» Work to be completed
Restate word for word the lines below, from the one containing "现场还设有话家风包粽子、做艾" through the final line, with no pictures included.

» Data for review
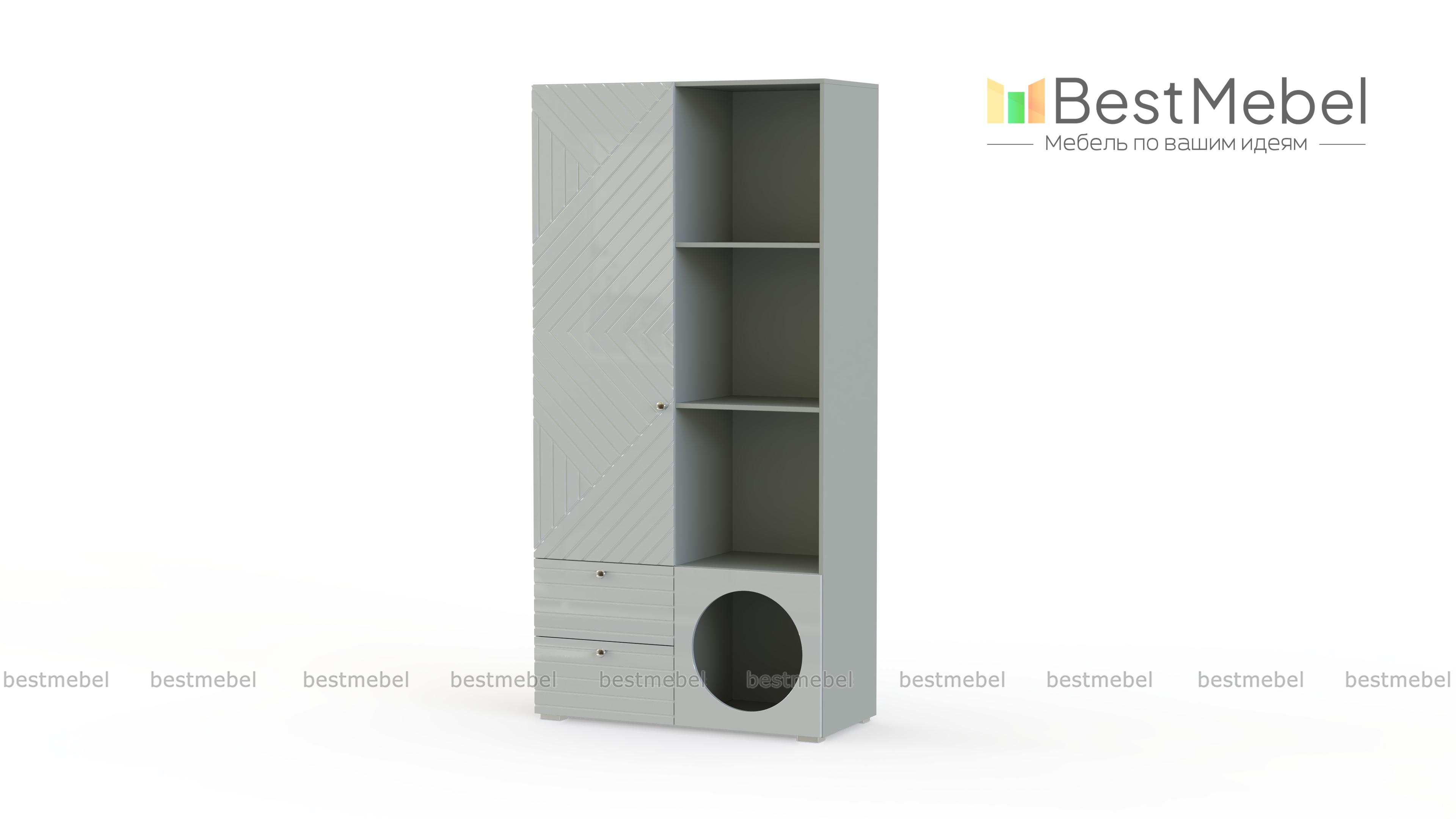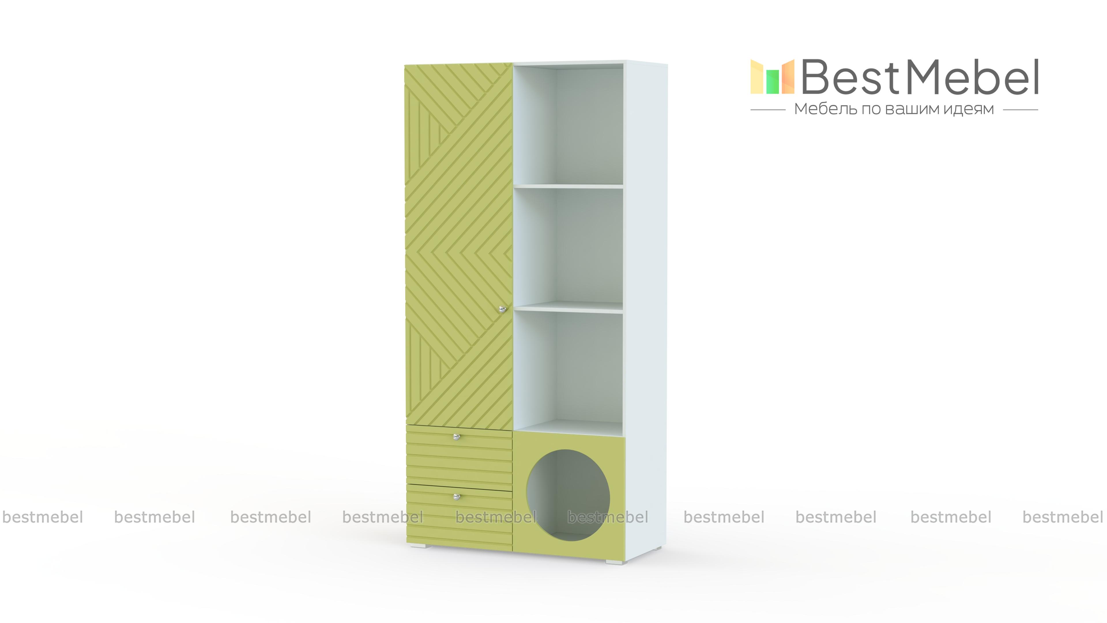 Стеллаж Авелин 14 BMS из молодежной коллекции мебели компактен и занимает немного места. Ряд книжных полок справа дополнен отделением для закрытого хранения слева, а в основании расположились пара ящиков под обувь и мелкие предметы и оригинальная круглая полка. Фасады стеллажа изготовлены из прочной плиты МДФ с геометрической фрезеровкой. Купить стеллаж Авелин 14 BMS, подобрав оттенки из нашего каталога и тип ручек, вы сможете на сайте интернет-магазина.
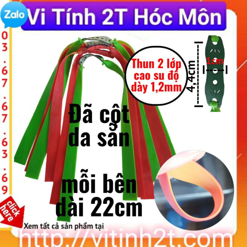 Kích thước: - chiều dài mỗi bên : 22cm - Chiều rộng đuôi dây: 2cm - Độ dày: 1.2mm - Chủng loại: Dây 2 lớp Sản phẩm được sản xuất theo dây chuyền , dập khuôn chuẩn xác , kích thước cáng, chiều dài dây chun phù hợp với sải tay, lực căng dây phù hợp với lòng bàn, cánh tay của người châu Á
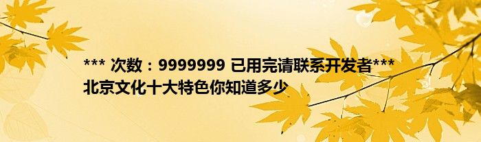 大家好,综合小编来为大家讲解下。*** 次数:9999999 已用完请联系开发者*** 北京文化十大特色你知道多少这个很多人还不知道,现在让我们一起来看看吧!
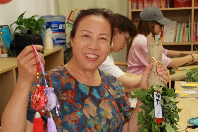 现场还设有话家风包粽子、做艾草锤、端午上上签等传统项,居民们或在摊位驻足体验,或在与邻居交流体验心得。空气中弥漫着粽子、艾叶的清香,无论是大人还是孩童,都喜笑颜开、乐在其中。“我体验了好几个项目,感受到了浓浓的端午味儿,这些传统习俗我们要一代代传承下去。”居民张小兰说。
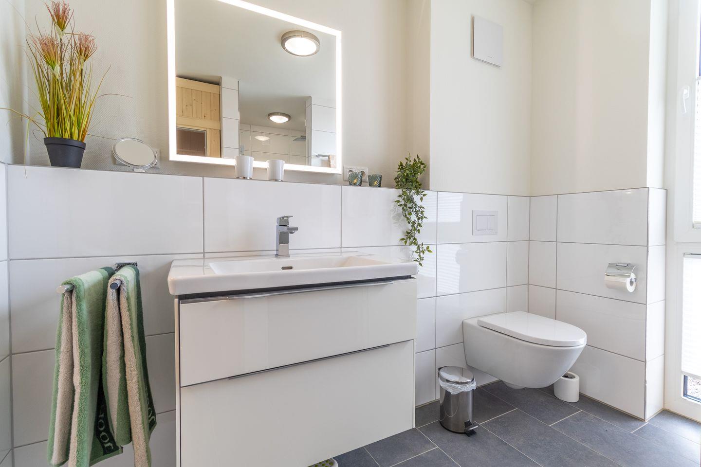 Im stilvoll gestalteten Badezimmer kannst du in deiner eigenen Sauna entspannen und den Alltag hinter dir lassen. Die bodengleiche Dusche bietet dir Erfrischung zu jeder Tageszeit – besonders das Tageslicht macht den Raum zu einem echten Wohlfühlort. Ideal, um entspannt in den Tag zu starten oder ihn ruhig ausklingen zu lassen – bei jedem Wetter.
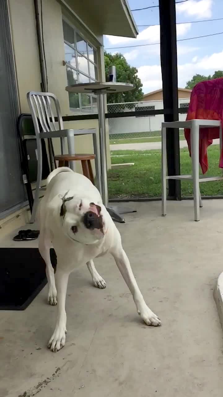 A wet Mastiff dog shakes herself dry in slow motion.
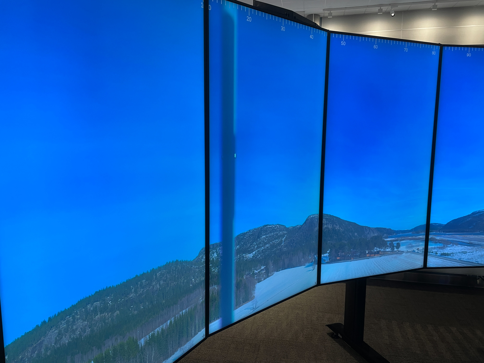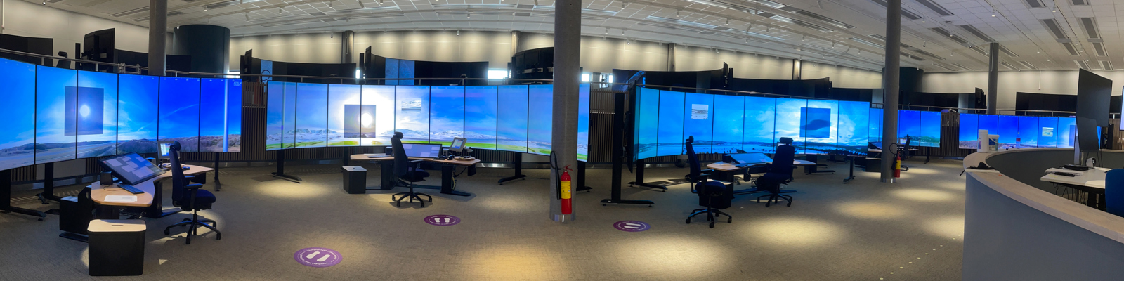 Hver arbeidsplass i Remote Tower i Bodø har ti skjermer som viser 360 graders utsikt over flyplassen. Bildene oppdateres fem ganger per sekund. (Foto: Kjell Brataas/SD)
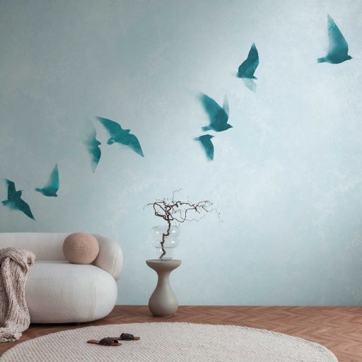 Felröppenő madarak plasztikus akvarell megjelenítése világoskék kék zöldeskék és türkiz tónus falpanel
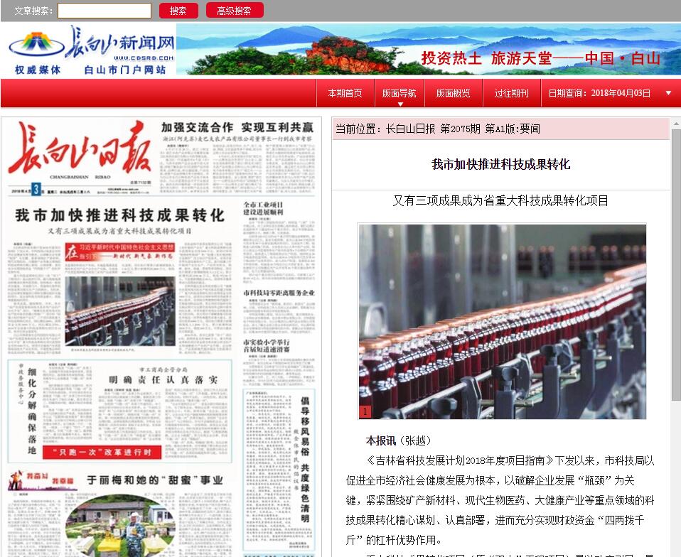 【長(zhǎng)白山日?qǐng)?bào)】--我市加快推進(jìn)科技成果轉(zhuǎn)化——又有三項(xiàng)成果成為省重大科技成果轉(zhuǎn)化項(xiàng)目
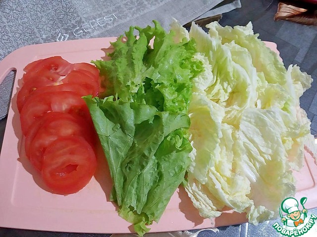 С листьев пекинской капусты срезаем жёсткую часть. Помидоры нарезаем тонкими кружочками.
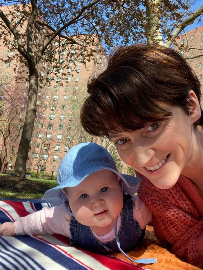 Maria McElhinney and her daughter Fiadh Saunders who joined Spraoi agus Sport's Baby Massage and Music from their home in New York.
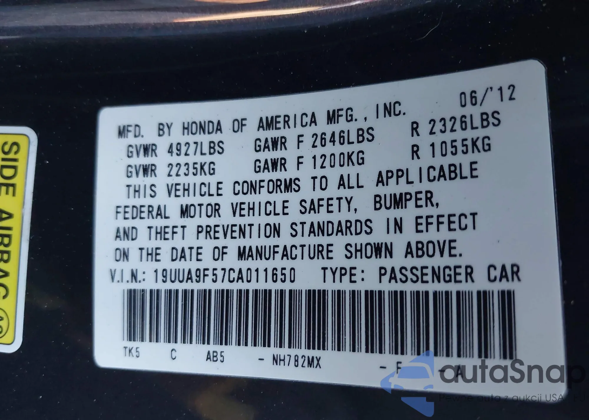 VIN: 19UUA9F57CA011650
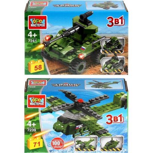 Конструктор ГОРОД МАСТЕРОВ Армия, военный, 3в1, в ассортименте в магазинах Лента
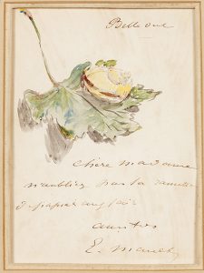 MANET ÉDOUARD (1832 - 1883) L.A.S. avec AQUARELLE originale, Bellevue [1880], à une dame ; 1 page in-8 (15,8 x 11,7 cm), aquarelle et encre sur papier (encadrée, très légères traces de collage au verso visibles par transparence).

» Answer box
 现场还设有话家风包粽子、做艾草锤、端午上上签等传统项,居民们或在摊位驻足体验,或在与邻居交流体验心得。空气中弥漫着粽子、艾叶的清香,无论是大人还是孩童,都喜笑颜开、乐在其中。“我体验了好几个项目,感受到了浓浓的端午味儿,这些传统习俗我们要一代代传承下去。”居民张小兰说。
 Im stilvoll gestalteten Badezimmer kannst du in deiner eigenen Sauna entspannen und den Alltag hinter dir lassen. Die bodengleiche Dusche bietet dir Erfrischung zu jeder Tageszeit – besonders das Tageslicht macht den Raum zu einem echten Wohlfühlort. Ideal, um entspannt in den Tag zu starten oder ihn ruhig ausklingen zu lassen – bei jedem Wetter.
 A wet Mastiff dog shakes herself dry in slow motion.
 Hver arbeidsplass i Remote Tower i Bodø har ti skjermer som viser 360 graders utsikt over flyplassen. Bildene oppdateres fem ganger per sekund. (Foto: Kjell Brataas/SD)
 Felröppenő madarak plasztikus akvarell megjelenítése világoskék kék zöldeskék és türkiz tónus falpanel
 【長(zhǎng)白山日?qǐng)?bào)】--我市加快推進(jìn)科技成果轉(zhuǎn)化——又有三項(xiàng)成果成為省重大科技成果轉(zhuǎn)化項(xiàng)目
 С листьев пекинской капусты срезаем жёсткую часть. Помидоры нарезаем тонкими кружочками.
 Maria McElhinney and her daughter Fiadh Saunders who joined Spraoi agus Sport's Baby Massage and Music from their home in New York.
 VIN: 19UUA9F57CA011650
 Конструктор ГОРОД МАСТЕРОВ Армия, военный, 3в1, в ассортименте в магазинах Лента
 MANET ÉDOUARD (1832 - 1883) L.A.S. avec AQUARELLE originale, Bellevue [1880], à une dame ; 1 page in-8 (15,8 x 11,7 cm), aquarelle et encre sur papier (encadrée, très légères traces de collage au verso visibles par transparence).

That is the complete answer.